Shaun Mara, age 60, joined the Farmer Brothers' Board of Directors in 2025. He is currently a member of the nominating and corporate governance committee and serves as the chair of the audit committee, bringing significant financial expertise from his previous CFO roles at The Simply Good Foods Company and Dean Foods.
What are the risks highlighted in Farmer Brothers Co.'s forward-looking statements?
The forward-looking statements in the filing highlight risks such as severe weather, consumer confidence, pricing cycles, labor market conditions, inflation, regulatory changes, economic downturns, the success of their turnaround strategy, capital resource adequacy, ability to meet credit facility covenants, and fluctuations in green coffee costs.
Is Farmer Brothers Co. considered a 'smaller reporting company'?
Yes, Farmer Brothers Co. indicated by check mark that it is a 'smaller reporting company' and a 'non-accelerated filer' in the 10-K/A filing. This status implies a lower market capitalization and allows for certain scaled-down disclosure requirements.
How many shares of common stock does Farmer Brothers Co. have outstanding?
As of October 1, 2025, Farmer Brothers Co. had 21,602,012 shares outstanding of its common stock, par value $1.00 per share, which is the registrant's only class of common stock.
What is the background of Farmer Brothers Co.'s CEO, John E. Moore III?
John E. Moore III has 30 years of experience in the coffee industry, having previously served as CEO for Vassilaros Coffee, New York senior trader and general manager at Volcafe Specialty Coffee, and CEO of FAL Coffee Inc. He initially joined Farmer Brothers Co. as Vice President, Head of Coffee in July 2023.
What should investors consider regarding Farmer Brothers Co.'s internal controls?
The filing indicates that Farmer Brothers Co. has filed a report on and attestation to its management's assessment of the effectiveness of its internal control over financial reporting under Section 404(b) of the Sarbanes-Oxley Act. However, as a 'smaller reporting company,' investors should still consider the potential for less extensive internal control frameworks compared to larger, accelerated filers.
Industry Context
Farmer Brothers Co. operates within the coffee and foodservice industry, a sector characterized by intense competition from large national chains and smaller independent players. Key trends include evolving consumer preferences for specialty coffee, demand for convenient delivery options, and increasing focus on sustainability and ethical sourcing. The company's performance is influenced by commodity price fluctuations for coffee beans and operational costs.
Regulatory Implications
As a publicly traded company, Farmer Brothers Co. is subject to SEC regulations, including timely filing of financial reports and adherence to corporate governance standards. Its status as a non-accelerated filer and smaller reporting company allows for scaled disclosure requirements, but compliance with these regulations remains crucial to maintain investor confidence and avoid penalties.
What Investors Should Do
- Review leadership changes and their impact.
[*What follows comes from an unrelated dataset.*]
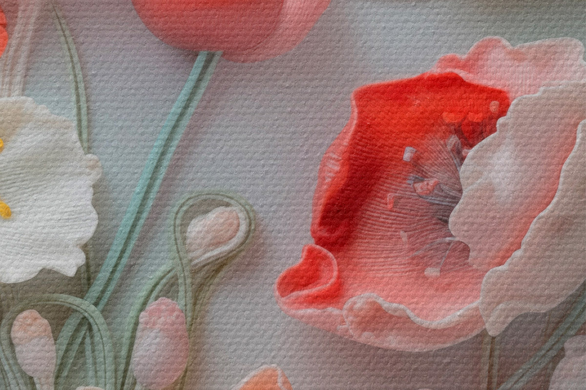 Er zijn drie soorten materiaal te bestellen: Economic Canvas - een dicht en duurzaam materiaal voor digitaal printen, identiek aan schildersdoek, waterdicht oppervlak, realistische weergave van details, materiaal met gemiddelde korrel. Premium Canvas - de textuur lijkt op die van schildersdoek (verweven kleine draden). Zachte, gedetailleerde reproductie van de afbeelding op een mat oppervlak. Eco-Premium - hoogwaardige 100% katoenen stof. Dankzij de natuurlijke katoenvezels is het materiaal duurzaam en slijtvast. Uitstekende kleurweergave en detail.

- Monitor the company's market capitalization and financial health.
- Evaluate the expertise of the Board of Directors.
Key Dates
- 2025-06-30: Fiscal year end — Marks the end of the reporting period for the annual report.
- 2024-12-31: Aggregate market value of common equity held by non-affiliates calculated — Indicates the company's market capitalization for non-insiders, valued at $30.4 million.
- 2025-10-01: Shares of common stock outstanding recorded — Total number of shares in circulation was 21,602,012.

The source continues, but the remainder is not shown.